> [Exercise details] From the line that contains "Immaculate condition single" through the line that contains "Sekoituskulhossa on pieni", output every line of the listing below exactly and leave out all the rest.

> [Material for the task]
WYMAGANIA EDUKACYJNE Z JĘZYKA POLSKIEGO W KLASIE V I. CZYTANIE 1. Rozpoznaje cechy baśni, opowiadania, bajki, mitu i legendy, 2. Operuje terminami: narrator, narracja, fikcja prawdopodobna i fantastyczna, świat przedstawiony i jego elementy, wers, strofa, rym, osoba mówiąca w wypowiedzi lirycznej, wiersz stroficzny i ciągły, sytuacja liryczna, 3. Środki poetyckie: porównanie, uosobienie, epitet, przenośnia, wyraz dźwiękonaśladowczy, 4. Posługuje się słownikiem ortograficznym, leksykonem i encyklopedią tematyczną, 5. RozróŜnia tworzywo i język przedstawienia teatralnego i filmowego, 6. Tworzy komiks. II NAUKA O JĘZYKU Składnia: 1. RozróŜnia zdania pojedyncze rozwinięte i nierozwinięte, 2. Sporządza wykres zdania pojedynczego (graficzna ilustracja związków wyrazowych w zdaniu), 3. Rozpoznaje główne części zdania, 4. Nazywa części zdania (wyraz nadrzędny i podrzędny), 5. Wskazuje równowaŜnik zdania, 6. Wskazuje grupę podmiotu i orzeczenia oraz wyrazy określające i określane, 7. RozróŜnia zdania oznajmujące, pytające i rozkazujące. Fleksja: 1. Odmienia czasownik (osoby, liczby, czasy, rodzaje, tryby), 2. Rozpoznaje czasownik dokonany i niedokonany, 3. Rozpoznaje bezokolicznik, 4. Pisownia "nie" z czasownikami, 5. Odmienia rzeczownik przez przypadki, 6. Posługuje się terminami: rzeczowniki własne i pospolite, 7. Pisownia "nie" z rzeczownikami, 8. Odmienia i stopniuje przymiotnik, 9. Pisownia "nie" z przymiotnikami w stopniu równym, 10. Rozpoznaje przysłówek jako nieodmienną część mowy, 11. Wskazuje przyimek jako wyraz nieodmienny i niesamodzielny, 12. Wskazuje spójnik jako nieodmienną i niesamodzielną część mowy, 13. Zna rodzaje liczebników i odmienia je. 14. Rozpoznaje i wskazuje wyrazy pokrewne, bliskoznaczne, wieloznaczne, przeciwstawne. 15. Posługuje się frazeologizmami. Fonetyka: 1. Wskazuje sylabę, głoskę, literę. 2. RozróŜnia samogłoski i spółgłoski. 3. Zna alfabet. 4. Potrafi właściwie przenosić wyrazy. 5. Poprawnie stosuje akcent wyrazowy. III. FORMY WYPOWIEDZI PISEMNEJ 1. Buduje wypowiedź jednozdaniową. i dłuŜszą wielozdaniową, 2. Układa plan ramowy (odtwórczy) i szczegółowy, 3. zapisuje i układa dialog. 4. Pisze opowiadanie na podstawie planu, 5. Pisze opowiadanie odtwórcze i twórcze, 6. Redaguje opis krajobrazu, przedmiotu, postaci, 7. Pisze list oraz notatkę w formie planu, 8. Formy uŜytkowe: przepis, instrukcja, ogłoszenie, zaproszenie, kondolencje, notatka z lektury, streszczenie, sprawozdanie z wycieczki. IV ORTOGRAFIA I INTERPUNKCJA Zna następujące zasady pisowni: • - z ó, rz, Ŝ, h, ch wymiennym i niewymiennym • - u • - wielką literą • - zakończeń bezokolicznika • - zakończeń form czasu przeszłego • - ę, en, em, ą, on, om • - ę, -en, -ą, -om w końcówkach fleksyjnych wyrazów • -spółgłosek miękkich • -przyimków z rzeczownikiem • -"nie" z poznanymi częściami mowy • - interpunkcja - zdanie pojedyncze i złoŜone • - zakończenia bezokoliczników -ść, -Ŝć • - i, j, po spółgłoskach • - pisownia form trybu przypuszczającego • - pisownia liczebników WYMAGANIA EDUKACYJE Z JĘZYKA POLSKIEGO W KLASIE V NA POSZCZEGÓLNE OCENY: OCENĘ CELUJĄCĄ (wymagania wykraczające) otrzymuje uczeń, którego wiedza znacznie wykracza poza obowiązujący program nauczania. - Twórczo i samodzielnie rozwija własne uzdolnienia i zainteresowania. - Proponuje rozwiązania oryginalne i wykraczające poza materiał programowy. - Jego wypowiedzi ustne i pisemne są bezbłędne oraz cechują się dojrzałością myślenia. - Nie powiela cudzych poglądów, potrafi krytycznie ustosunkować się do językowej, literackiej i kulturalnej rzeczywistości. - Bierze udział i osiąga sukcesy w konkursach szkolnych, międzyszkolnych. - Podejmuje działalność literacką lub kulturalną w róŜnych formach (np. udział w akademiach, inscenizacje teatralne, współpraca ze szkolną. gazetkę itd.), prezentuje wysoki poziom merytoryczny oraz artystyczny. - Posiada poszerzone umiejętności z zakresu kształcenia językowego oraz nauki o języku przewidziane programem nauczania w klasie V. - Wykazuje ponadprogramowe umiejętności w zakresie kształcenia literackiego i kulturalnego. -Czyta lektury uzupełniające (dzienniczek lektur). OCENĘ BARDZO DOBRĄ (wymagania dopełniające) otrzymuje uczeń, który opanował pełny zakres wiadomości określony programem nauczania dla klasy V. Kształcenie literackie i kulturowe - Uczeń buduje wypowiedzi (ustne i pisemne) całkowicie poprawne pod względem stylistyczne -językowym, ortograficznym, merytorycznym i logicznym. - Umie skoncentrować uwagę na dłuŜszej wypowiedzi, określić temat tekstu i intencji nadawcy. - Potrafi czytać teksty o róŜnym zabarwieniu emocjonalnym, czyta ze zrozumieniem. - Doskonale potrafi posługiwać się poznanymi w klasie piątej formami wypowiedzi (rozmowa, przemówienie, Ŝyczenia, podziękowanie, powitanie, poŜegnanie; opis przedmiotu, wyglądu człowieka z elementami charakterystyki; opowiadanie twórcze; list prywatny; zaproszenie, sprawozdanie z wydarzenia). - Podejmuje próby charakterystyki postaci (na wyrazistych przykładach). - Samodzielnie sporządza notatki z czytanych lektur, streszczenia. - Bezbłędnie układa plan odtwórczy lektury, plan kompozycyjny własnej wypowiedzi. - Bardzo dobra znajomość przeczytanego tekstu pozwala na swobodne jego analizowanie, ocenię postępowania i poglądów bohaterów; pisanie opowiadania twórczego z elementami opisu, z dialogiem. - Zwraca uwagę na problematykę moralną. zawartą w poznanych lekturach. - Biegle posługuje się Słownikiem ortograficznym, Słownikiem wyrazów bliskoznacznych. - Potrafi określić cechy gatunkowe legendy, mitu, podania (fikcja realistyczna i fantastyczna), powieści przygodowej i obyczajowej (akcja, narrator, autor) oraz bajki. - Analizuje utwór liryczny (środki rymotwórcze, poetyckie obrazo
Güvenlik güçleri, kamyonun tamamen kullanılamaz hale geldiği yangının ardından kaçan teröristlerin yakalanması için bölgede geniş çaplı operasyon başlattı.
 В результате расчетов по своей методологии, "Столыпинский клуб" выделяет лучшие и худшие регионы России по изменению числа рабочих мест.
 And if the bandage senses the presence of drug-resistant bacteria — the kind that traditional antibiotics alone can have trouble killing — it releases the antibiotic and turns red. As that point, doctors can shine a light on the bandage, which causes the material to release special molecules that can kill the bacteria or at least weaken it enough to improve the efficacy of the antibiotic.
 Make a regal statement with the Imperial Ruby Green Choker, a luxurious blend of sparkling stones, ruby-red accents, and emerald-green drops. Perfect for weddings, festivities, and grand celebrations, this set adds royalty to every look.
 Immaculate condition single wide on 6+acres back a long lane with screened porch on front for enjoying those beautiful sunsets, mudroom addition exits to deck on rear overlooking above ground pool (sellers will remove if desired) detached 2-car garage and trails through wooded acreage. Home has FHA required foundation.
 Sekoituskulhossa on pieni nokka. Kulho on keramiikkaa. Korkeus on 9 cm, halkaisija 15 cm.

==

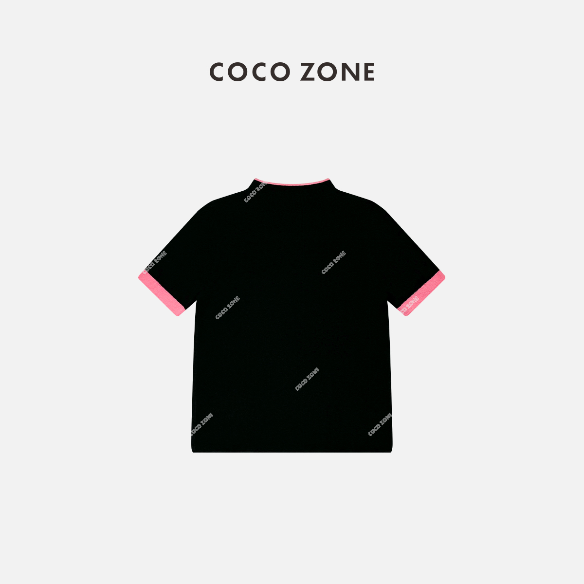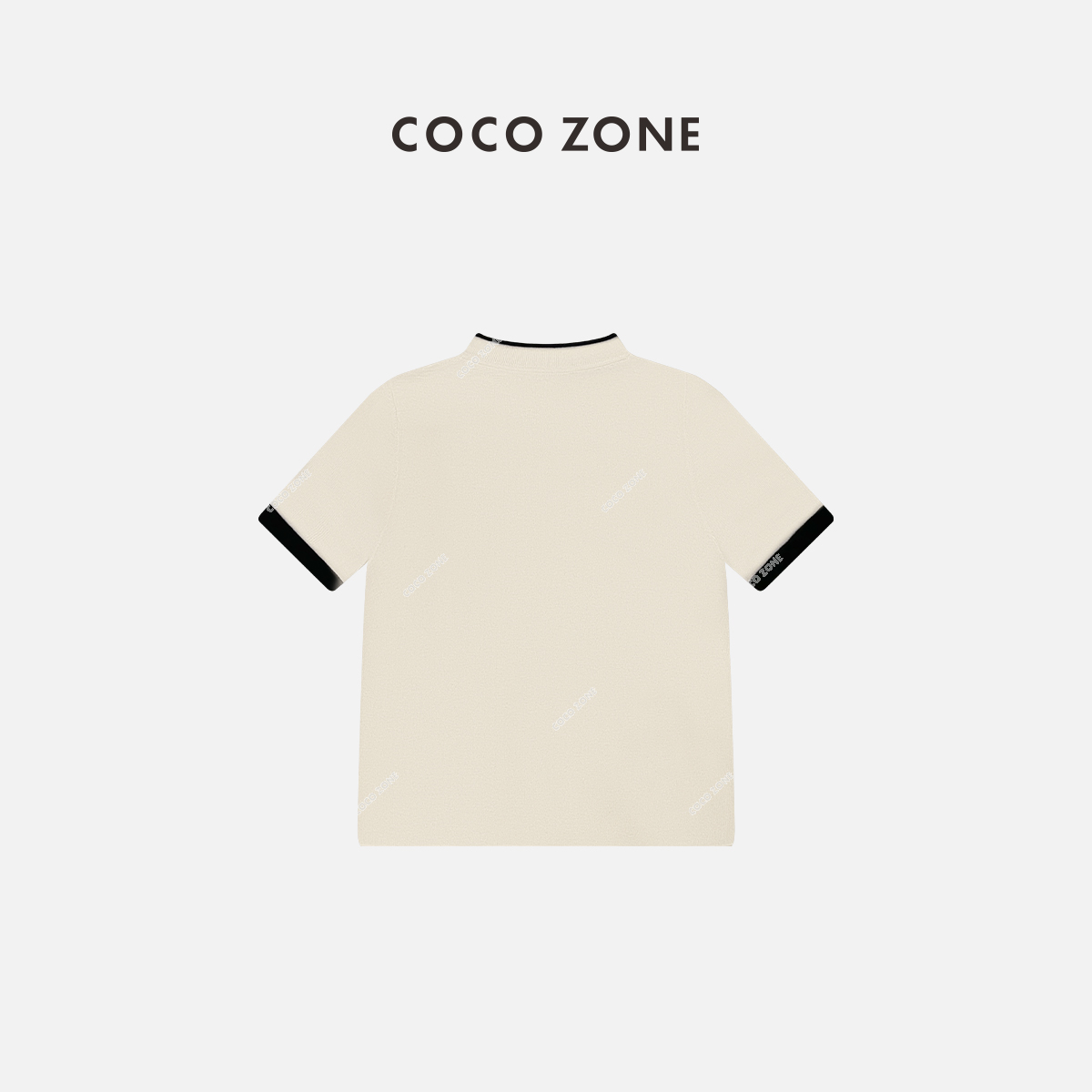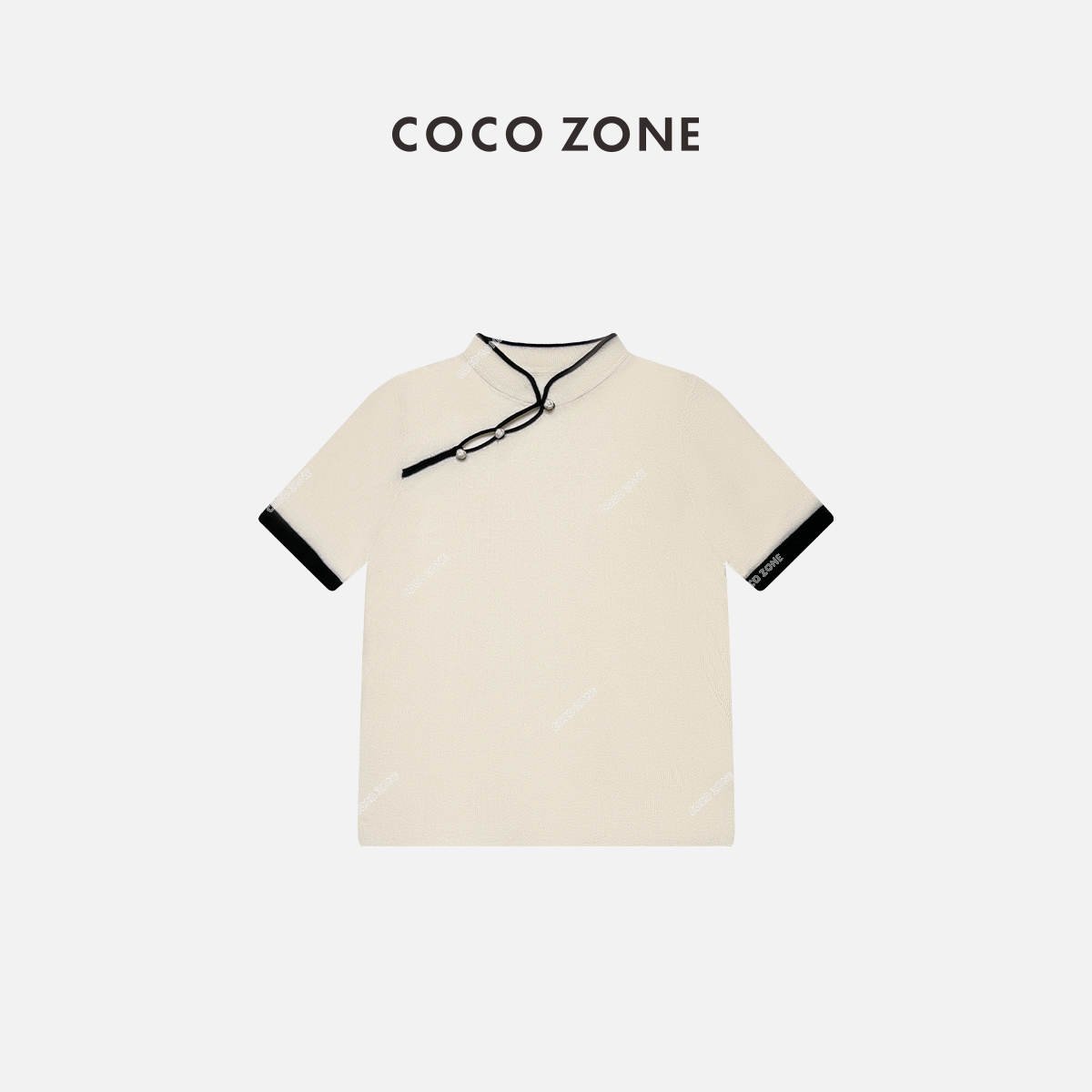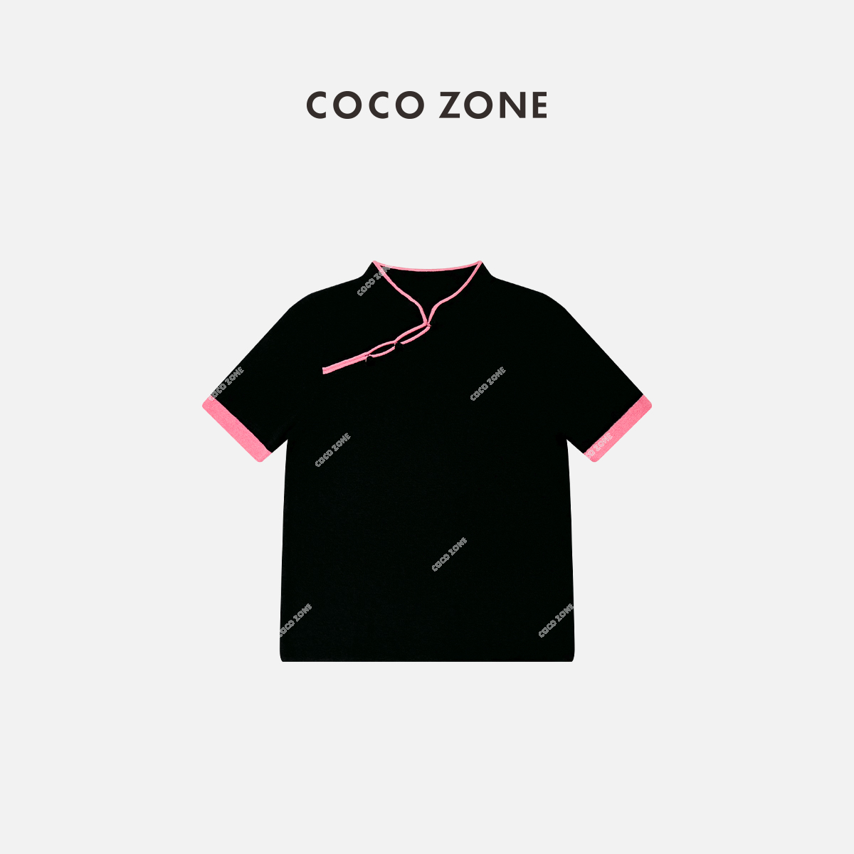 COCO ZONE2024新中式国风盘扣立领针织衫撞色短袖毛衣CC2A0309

---

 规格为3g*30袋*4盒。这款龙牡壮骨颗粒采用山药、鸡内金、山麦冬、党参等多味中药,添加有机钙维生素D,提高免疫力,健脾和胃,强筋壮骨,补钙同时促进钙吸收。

> [Task answer]
 Immaculate condition single wide on 6+acres back a long lane with screened porch on front for enjoying those beautiful sunsets, mudroom addition exits to deck on rear overlooking above ground pool (sellers will remove if desired) detached 2-car garage and trails through wooded acreage. Home has FHA required foundation.
 Sekoituskulhossa on pieni nokka. Kulho on keramiikkaa. Korkeus on 9 cm, halkaisija 15 cm.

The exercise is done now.